Aren't these numbers for law profs roughly consistent with lawyers in general, especially the richer ones? I'd imagine the percentages aren't the same but that there's a rough correspondence. And why shouldn't lawyers give to Democrats when the GOP routinely uses anti-"trial lawyer" rhetoric?

Ann Althouse said...

For one thing, there are an awful lot of (rich) lawyers who absolutely do not call themselves "trial lawyers" and would be offended if you called them that.

Thers said...

So you agree with me, then? Sorry, but I don't understand your intent in your reply.

Thers said...

ziemer: I know. That's why I put "trial lawyers" in "quotation marks."

Earth Girl said...

thersites suggests comparing the law prof stats with lawyers. I'd be interested in comparing the law prof stats with other profs...say English or Sociology profs.

Abc said...

earth girl--

Why English or Sociology? I already looked at a study that measured the relative number of self-described conservatives and liberals on these faculties. It is not good. English was something like 40 to 1 (i.e. only about 2.5% were conservative).

Look here

Why not look at fields like Chemistry or Computer Science or Economics, where the numbers were much less lopsided (between 1.6 and 3 to 1... i.e. facutlies were between 25% and 40% conservative)?

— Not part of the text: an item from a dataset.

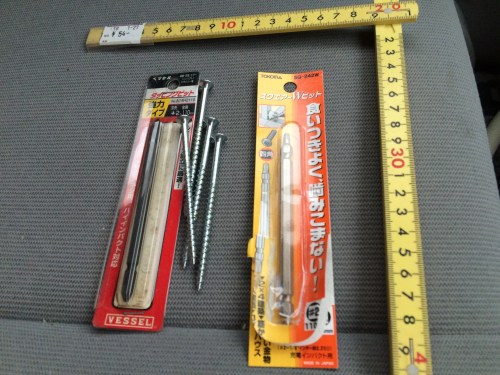 +ビットと四角ビット自分で言わないとだれも言ってくれないので言いますが、私の電気屋としての技術レベルは高いと思われます。その私よりも高レベルのKさんがひょんなことで悩んでいるのが面白いのです。充電インパクトの+ビットのビストの食いつきはKさんがものすごく研究してます。私はそんなに食い付きが良くなくてもかまいません。そのかわりKさんも私もビットにはビスが落ちないように磁石をつけてます。確かにKさんは屋根の上でステンレスの針金のための長めのビスを打つためですので食いつきを気にするのですが、頭が滑らないように、四角ビスも研究してます。昨日はその四角ビスが滑るのでそのビスを私にくれるというのです。もらうことはうれしいのですが、ちょっと待てや、と私の四角ビットを出してきますと滑ってません。Kさんはそんな馬鹿なといいますが、この点においては、不思議なことに私の勝ちです。Kさんの四角のビットの先がテーパーになってないので滑ってしまっていました。私が作ったわけではありませんが、私の持ってるものはテーパーになっていて深く食い込み滑りません。

I think that's the whole point. The more potential a field has for politicization, i.e. English, Poli Sci, Law, Sociology, etc., the more likely are there to be very very very low numbers of conservatives.

Wave Maker said...

That last quote is stupid. Shall we apply strict scrutiny to political ideology of professors now?

Simon said...

I don't accept quota admission as valid for ethnicity, and I certainly don't accept its validity for a politically-balanced faculty. It is, on the other hand, rather sad that more Republicans, conservatives and originalists do not seek to get onto the faculty. There seems to be something rather brute-force about demanding to change the judiciary, to root out judicial activism through nothing more than the appointment process, while doing little or nothing about the supply of raw material for the legal profession. As Scalia has noted, "you could fire a cannon loaded with grapeshot into the best law schools in the country - including Chicago - and not hit an originalist". That's not healthy, but it won't be fixed by faculty quotas.

sean said...

I'd be pretty confident, thersites, that the percentage of Republicans among high-priced corporate lawyers is much higher than 15%. Note that known Republicans like John Roberts don't seem to have any political problems at big corporate law firms, whereas Anne herself has noted that any sort of traditional flag-waving conservative would be a total pariah at a law school.

Unknown said...

Actually, only 5% of professors gave to Republicans. Only 30-ish gave at all, mind.

Which also masks exactly how big the disparity is, at least as can be measured from donation data. If, say, law profs were politically diverse but fairly unified on one set of issues (call it "schmabortion," although it could be anything), and one of the two major candidates had strong views on schmabortion in the opposite direction as the majority of law profs, what you would expect to find would be remaining diversity of opinion, but far less enthusiasm among that candidate's supporters. Which would be perfectly consistent with both a 50/50% split in voting, but a large disparity in giving.

That, of course, is not the case with law profs. But it's important to keep sight of the usefulness of these statistics.

mm said...

You might want to read what Leiter has to say.